Kyoto Brewing’s Journey

Kyoto Brewing Co. Was founded by 3 friends, Ben, Paul, and Chris, who first met in Aomori in 2005. Driven by the feeling that beer’s immense variety was sorely lacking in Japan, we looked to help establish a diverse beer culture, and invigorate the domestic craft beer scene through brewing our own unique beers.

Starting as the first brewery to use a Belgian yeast as their house strain, we developed a broad beer lineup from modern Belgian hybrids to IPAs to intense dark beers and beyond. For several years after founding, Kyoto Brewing sold draught beer to beer bars and restaurants nationwide, and were an almost exclusively keg-only brewery. We realised, however, that doing this was mostly limiting ourselves to craft beer fans, and we wanted to help introduce less familiar people to what beer can offer. As a result, in 2021, we commenced full-scale production of canned products better suited for wider distribution. 

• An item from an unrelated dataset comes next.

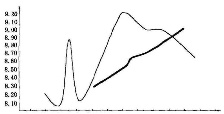 将上述数据在图表中相连成线,就形成了以5天为基期的均线:图中细线表示各收盘价的连线,粗线表示5日均线,它是在各收盘价基础上产生的。

In the first half of 2024, we added an experienced head brewer, James Fox, to our team. A graduate of Stone Brewing and Ballast Point, and with further experience in building up smaller breweries, we brought him on board to help him take our beer stability and consistency to the next level, as well as to bring more of the latest techniques and ingredients to the Japan beer scene.

In May of 2025, for our 10 year anniversary, we held our first festival in front of Higashihonganji, inviting 20 of our brewery friends to come down to the city and make a huge celebration of beer in the old capital. 

While the 10 year mark was a big one for us, we are not resting on our laurels. We have both looked to take our Belgian-inspired beers to the next level through secondary fermentation – much like champagne – to allow them to evolve just like authentic classic Belgian beer does. On the flip side, we have also diversified our lineup further, made more experimental beers than ever, and significantly improved our hoppy beers through hop selection and direct hop contracting.